It was a madhouse, bloated and bursting with young hipsters, dressed to impress and eager to be seen. I edged my way through a stagnant and heavily inked crowd toward the much-touted “new work” (singular), attempting to glimpse the art, willing myself to grasp the Mark Ryden–as–Outsider Art God phenomenon.

“Excuse me,” I squeaked as I slid past giggling goth girls and cell phone–toting poseurs. The sheer density of the unlikely crush of people at the Pasadena Museum of Californa Art consumed personal buffer zones and made exposed insteps fair game. I excused myself repeatedly as I attempted to glean a better look, only to be assaulted by a lumbering oaf, who snarled, “Watch yourself,” and threw his elbow into my solar plexus as he shoved his way past. He now stood with his saggy, Gap-clad ass mere centimeters from me, a diminutive, bespectacled Jewess, traveling alone and just trying to make sense of the hype.

I made eye contact as I jimmied my way toward the front.

“I did say excuse me.”

He turned to his date-for-hire and snorted, “She must be from New York,” as though I were not in fact right next to him and in full possession of working eardrums.
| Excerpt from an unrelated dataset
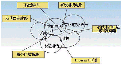 數(shù)據(jù)服務(wù)同本地電話服務(wù)的融合,是不來最重要的融合趨勢(shì)之一,其主要體現(xiàn)在通過本地電話可以解決數(shù)據(jù)業(yè)務(wù)的接入問題,可以提供窄帶或?qū)拵У慕尤肽芰ΑM瑫r(shí),可以為Internet服務(wù),如電子郵件服務(wù)同電話話音服務(wù)結(jié)合起來創(chuàng)造條件。一種未來的發(fā)展方向就是利用電話來接收電子郵件同時(shí)可以用電子郵件的方式閱讀語言信箱中的留言。“聽電子郵件,看語言信箱”是對(duì)這種融合服務(wù)的最好描述。而數(shù)據(jù)業(yè)務(wù)同長途電話業(yè)務(wù)的融合集中于通過VoIP技術(shù)提供長途電話服務(wù),競(jìng)爭收入最大的電信市場(chǎng)。數(shù)據(jù)服務(wù)同有線電視娛樂服務(wù)的融合主要體現(xiàn)在以Cable Modem做為數(shù)據(jù)接入手段和視頻點(diǎn)播這樣的娛樂服務(wù)。通過Cable Modem,有線電視網(wǎng)也可以提供本地電話和長途電話接入業(yè)務(wù),象AT&T和TCI 及MediaOne 正在進(jìn)行的電話業(yè)務(wù)實(shí)驗(yàn)。而寬帶的數(shù)據(jù)接入則為數(shù)據(jù)服務(wù)的寬帶化提供了條件。

“No, I’m from L.A.,” I said, and went back to contemplating Ryden’s work.

As a fanatical champion of the Outsider Art movement and card-carrying Juxtapoz subscriber, I have always been suspicious and admittedly envious of Ryden’s overwhelming success. While his talent is enormous and his technique superb, I remain dumbfounded when it comes to decoding the numbers and symbols interspersed between recurring images of Christina Ricci and Colonel Sanders. I have spent countless hours, both stoned and sober, in front of his paintings, begging them to explain themselves to me. But the knife-wielding butcher bunnies are surprisingly terse, leaving me to conclude that either I am stupid or that Ryden is full of shit.

Is it merely the aesthetic that sucks his fans in? Press on Ryden is generally relegated to the fluffy ass-kissing reverence of the Outsider glossies. He is barely given a glance by the established art publications, which would rather ignore the phenomenon and hope it goes away, holding tightly to their stronghold on the threadbare and decaying art snobbery that maintains the illusion that art is for the rich, the educated, the refined — the dull and the superior, the sissies and the snots. But, as far as I know, no one has ever asked Ryden what the fuck he’s trying to express. I mean, seriously, man, what’s with the Lincoln heads?

I remained where I was, transfixed by the image in front of me — the numbers of pi adorning the figure’s belt, the dinosaurs in the background, the nautilus and the astrology, the DNA strands climbing up her gown, the mysterious and seemingly infinite space between her legs. Then, the lumbering oaf broke my reverie.

“You wanna get out of here?” he said to his date.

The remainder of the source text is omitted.